## Exercise
Only the lines from the line that contains "On June 18, President" through the final line of the entries below belong in your answer, copied exactly and without pictures.

(Data items)
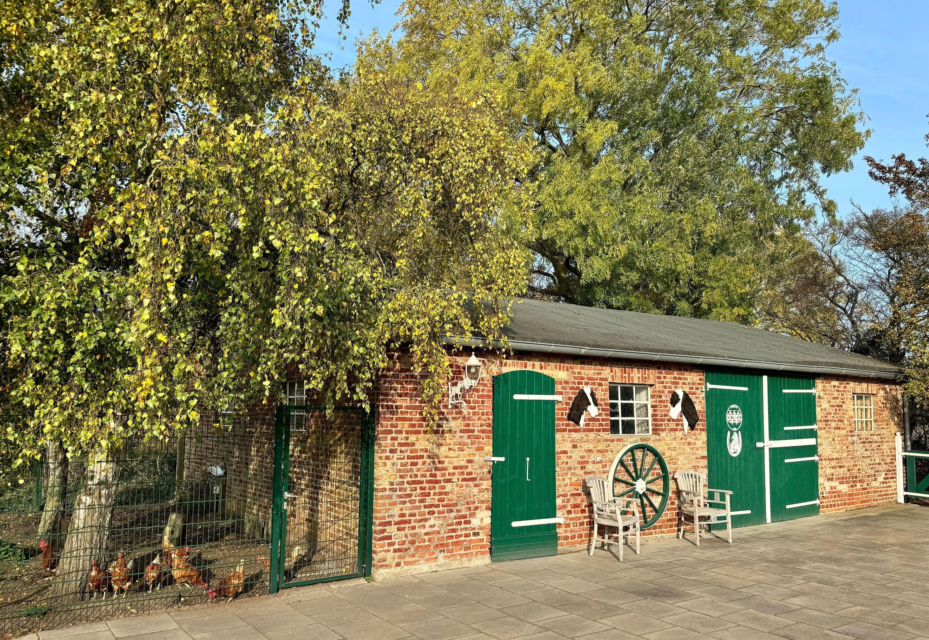 Unser weitläufiger Spielplatz bietet mit Trampolin, Klettergerüst mit Schaukel und Rutsche, Sandkiste, Fußballtor, Tischtennisplatte, Kettcar-Bahn mit Kettcars und weiteren Fahrzeugen, Kletterpyramide sowie dem "Alten Pferdestall", in welchem sich unsere Hühner und ein Hobbyraum mit Tischkicker, Air-Hockey sowie Tischtennis (kostenlos) befinden, Spaß für Groß und Klein. Weiterhin gibt es in der Scheune ein weiteres Spielzimmer für die kleinen Gäste mit Spiel- und Malsachen sowie Büchern. Für unsere großen Gäste gibt es auf dem Spielplatz einen Grillpavillon sowie diverse idyllische Sitzmöglichkeiten.
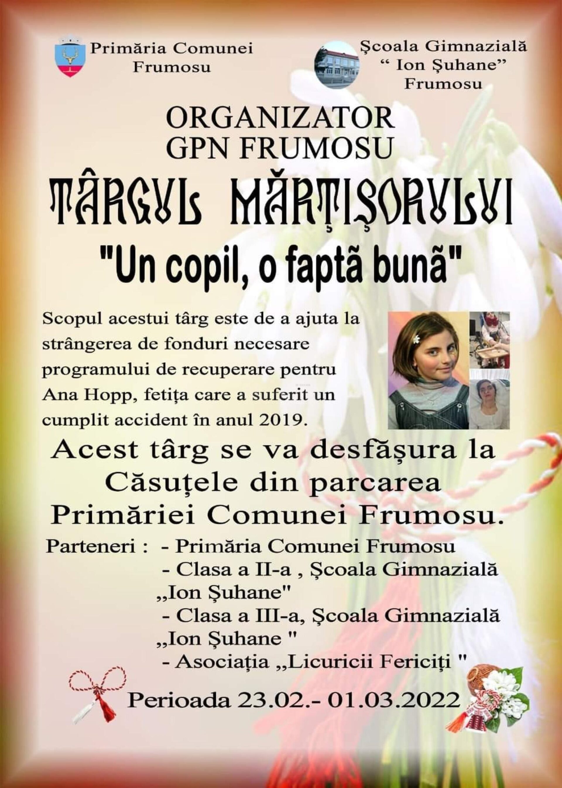 Grădinița cu Program Normal Frumosu, în parteneriat cu Școala Gimnazială „Ion Șuhane” Frumosu (clasa a II-a, clasa a III-a), Primăria comunei Frumosu, Asociația „Licuricii fericiți” Câmpulung Moldovenesc, organizează, în perioada 23 februarie – 1 martie, „Târgul mărțișorului – Un copil, o faptă bună!”, un eveniment care are drept scop strângerea de fonduri pentru Ana Hopp, o adolescentă foarte bolnavă, care a rămas cu sechele după un grav accident petrecut acum 3 ani. Târgul se desfășoară la Căsuțele din parcarea Primăriei comunei Frumosu.
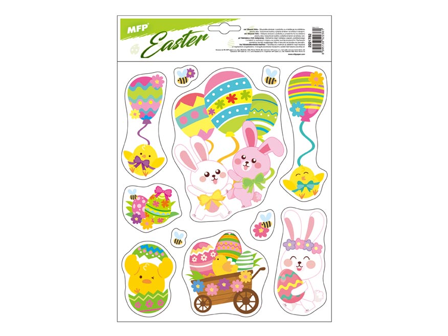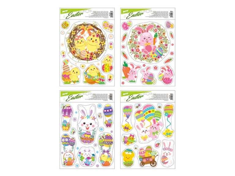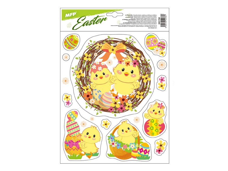 Velikonoční okenní fólie s motivy rozkošných kuřátek, zajíčků, velikonočních vajíček a květin, doplněné jemným třpytem. Fólie snadno přilnou k povrchu okna a lze je snadno opakovaně použít, takže jsou ideální pro dočasné dekorace během Velikonoc. Perfektní doplněk pro každého, kdo chce oslavit Velikonoce a přivítat jaro barevnou výzdobou!
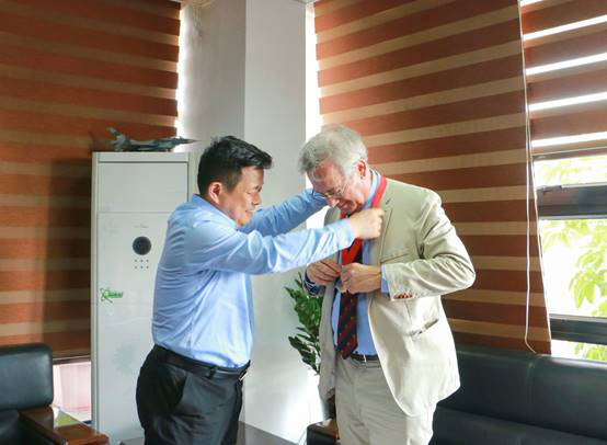 On June 18, President Chen Xin met with Academician Bernard Monet, a distinguished professor of our university and a leading talent of Guangdong Province, and personally wore medals and group photos for him.
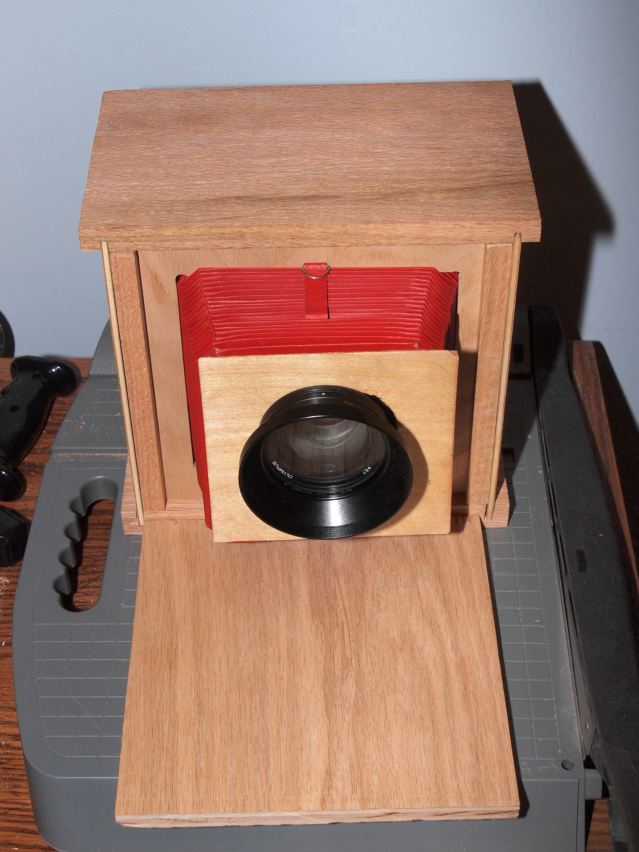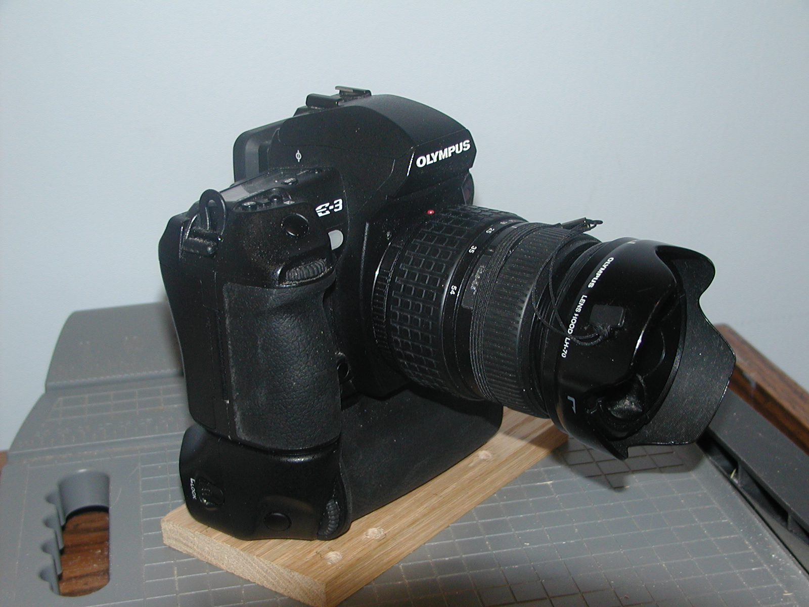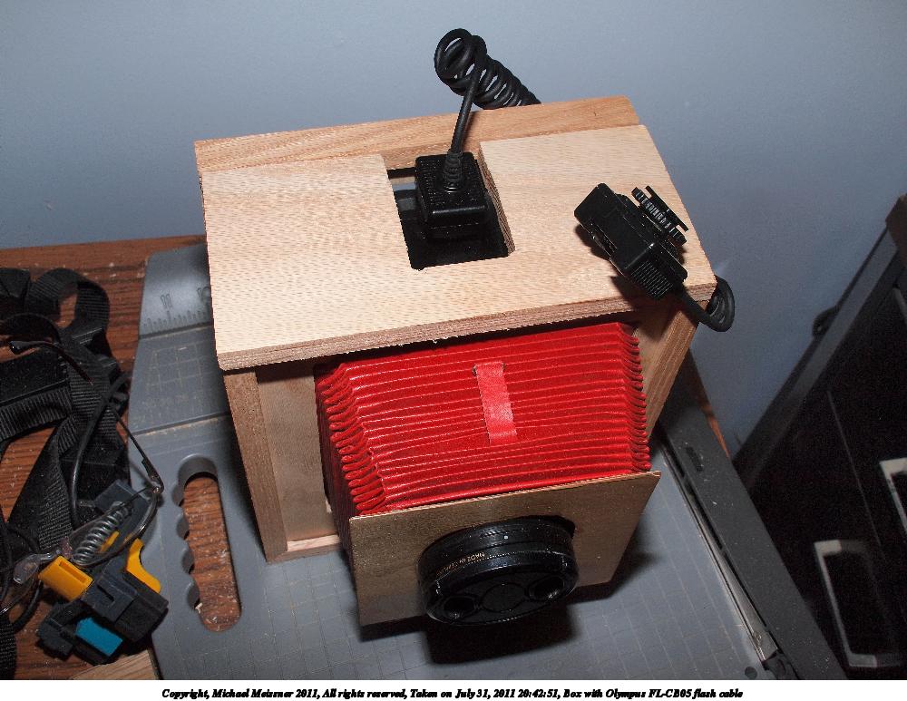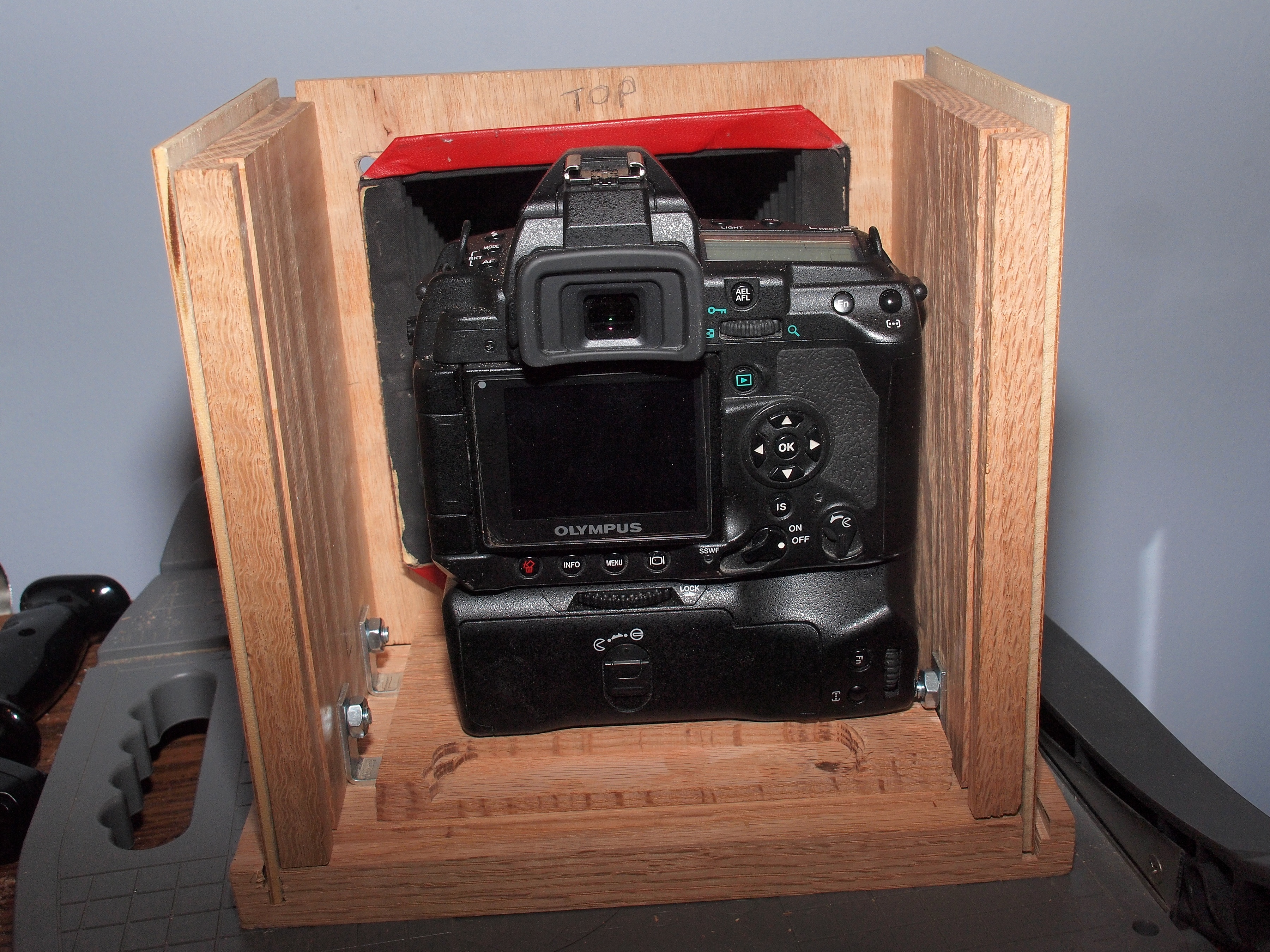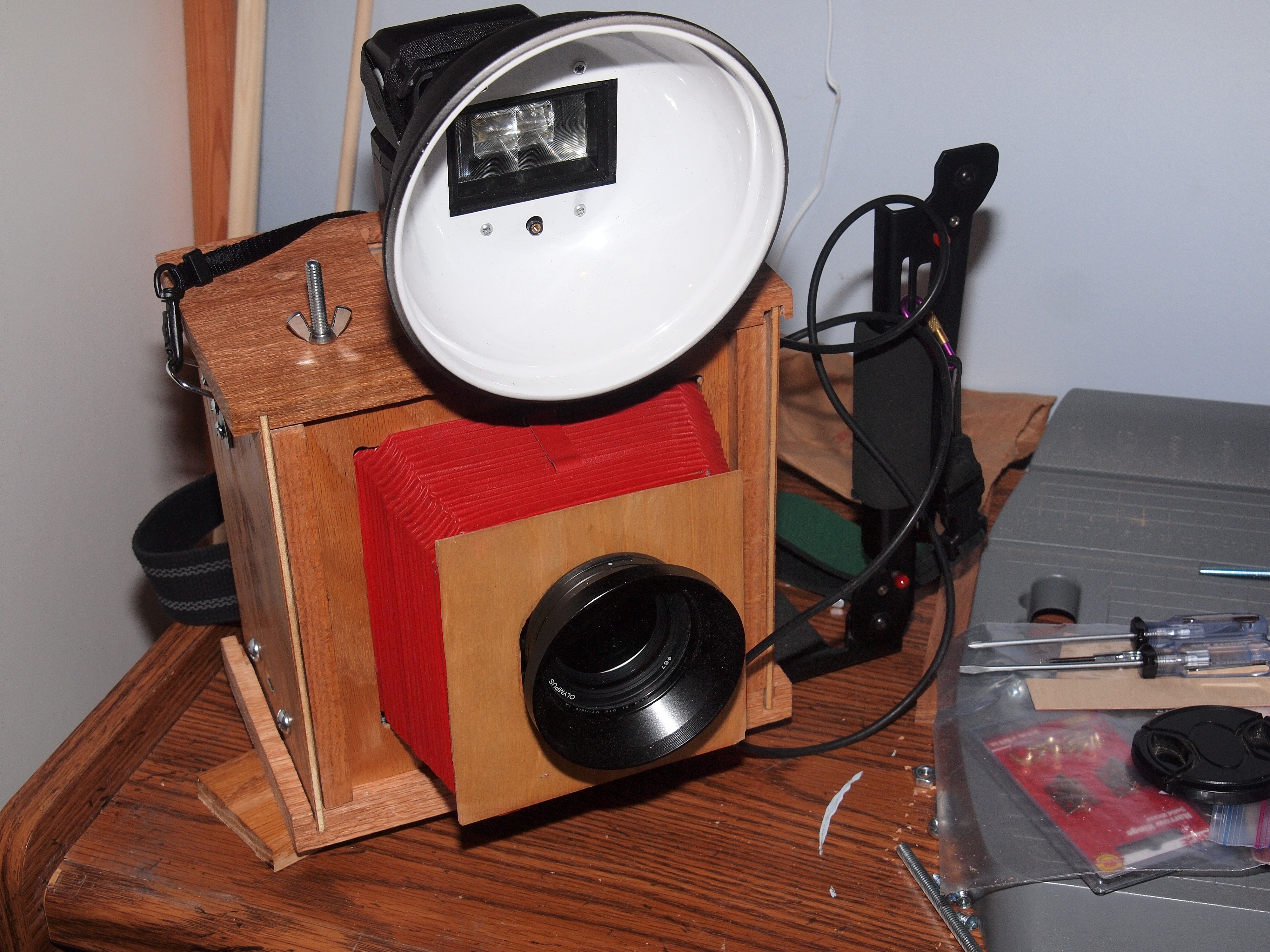 I still haven't decided on the ultimate way to connect the flash, so right now, I have a compromise approach. I have enough of the top cut out to support the pop-up flash, a flash cable (Olympus FL-CB05) or a FL-36 flash. My larger Metz 48 AF-1 flash won't fit in the openning, and I anticipate eventually having a different top for each flash option.

## Response area
 On June 18, President Chen Xin met with Academician Bernard Monet, a distinguished professor of our university and a leading talent of Guangdong Province, and personally wore medals and group photos for him.
 I still haven't decided on the ultimate way to connect the flash, so right now, I have a compromise approach. I have enough of the top cut out to support the pop-up flash, a flash cable (Olympus FL-CB05) or a FL-36 flash. My larger Metz 48 AF-1 flash won't fit in the openning, and I anticipate eventually having a different top for each flash option.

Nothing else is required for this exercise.